> REQUIREMENT
Do not copy the pictures. Write out the lines from the start of the entries through the line containing "中新网3月19日电 近日,一".

Data extracted from a collection:
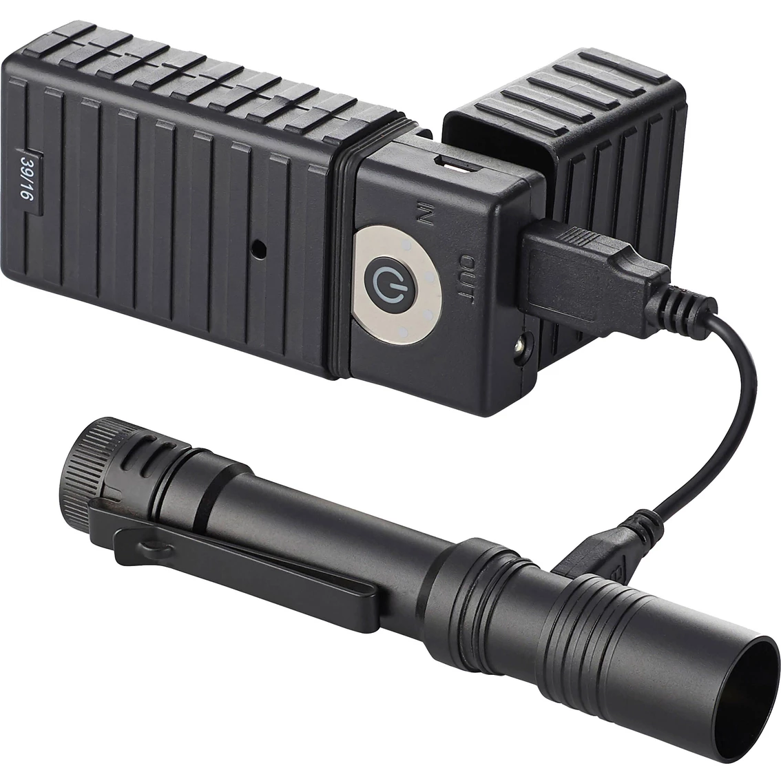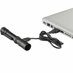 USB Rechargeable, Super Bright Small LED Flashlight. Compact, this personal light, which fits in the palm of your hand or comfortably in your pocket, provides unparalleled performance for its size. High and low modes (double bump the tail switch to change modes): High: 500 lumens; 90m beam; runs 2 hours. Low: 50 lumens; 30m beam; runs 8 hours. Lithium ion battery charges in-product in 4 hours. Durable, anodized machined aluminum construction; scratch-resistant polycarbonate lens. Metal sleeve protects charge port; slide sleeve forward to reveal charge port with charge indicator: Red – charging. Green – fully charged. Removable pocket clip also clips onto brim of hat for hands free use. IPX4 water-resistant; 1m impact resistance tested. Includes USB cord.
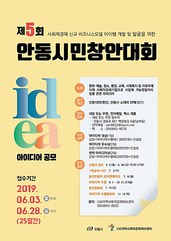 안동시는 오는 6월 28일까지 지역공동체 활성화와 신규 일자리 창출을 위해 ‘제5회 안동시민 창안대회 아이디어’를 공모한다.
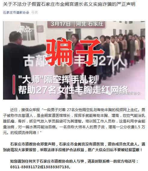 中新网3月19日电 近日,一段“男子被称作古鄗道人,是金阙宫道医馆馆长,对着27名女性隔空乱划帮助丰胸”的视频引发关注。石家庄市道教协会19日通过微信公众号发布声明称,石家庄市金阙宫没有道医馆,道协成员也无此人。遇到此情况要报警,采取法律手段维护合法权益。
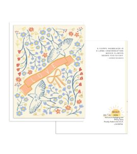 Designer Quote: “I love being inspired by beautiful places and ‘vibes.’ Expect to see more couples wanting to express their personalities to their guests and really focusing on having a ‘fun’ wedding and/or wedding weekend. Having good vibes at an event is important, and it’s important that those vibes carry through the invitation and stationery. You’ll see lots of ‘fun’ elements in our latest offerings — a disco ball, for example, lets guests know to bring their dancing shoes for a night of celebration!” — Gina Peterson, Ginger P. Designs
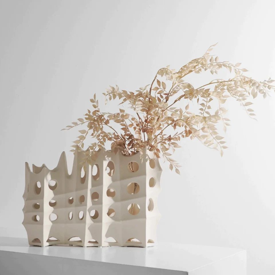 Ровные отверстия по всему периметру вазы и текстура , создают ощущение изысканности и хрупкости. При рассмотрении данного можно найти схожесть со слоновой костью.

> EXERCISE RESULT
 USB Rechargeable, Super Bright Small LED Flashlight. Compact, this personal light, which fits in the palm of your hand or comfortably in your pocket, provides unparalleled performance for its size. High and low modes (double bump the tail switch to change modes): High: 500 lumens; 90m beam; runs 2 hours. Low: 50 lumens; 30m beam; runs 8 hours. Lithium ion battery charges in-product in 4 hours. Durable, anodized machined aluminum construction; scratch-resistant polycarbonate lens. Metal sleeve protects charge port; slide sleeve forward to reveal charge port with charge indicator: Red – charging. Green – fully charged. Removable pocket clip also clips onto brim of hat for hands free use. IPX4 water-resistant; 1m impact resistance tested. Includes USB cord.
 안동시는 오는 6월 28일까지 지역공동체 활성화와 신규 일자리 창출을 위해 ‘제5회 안동시민 창안대회 아이디어’를 공모한다.
 中新网3月19日电 近日,一段“男子被称作古鄗道人,是金阙宫道医馆馆长,对着27名女性隔空乱划帮助丰胸”的视频引发关注。石家庄市道教协会19日通过微信公众号发布声明称,石家庄市金阙宫没有道医馆,道协成员也无此人。遇到此情况要报警,采取法律手段维护合法权益。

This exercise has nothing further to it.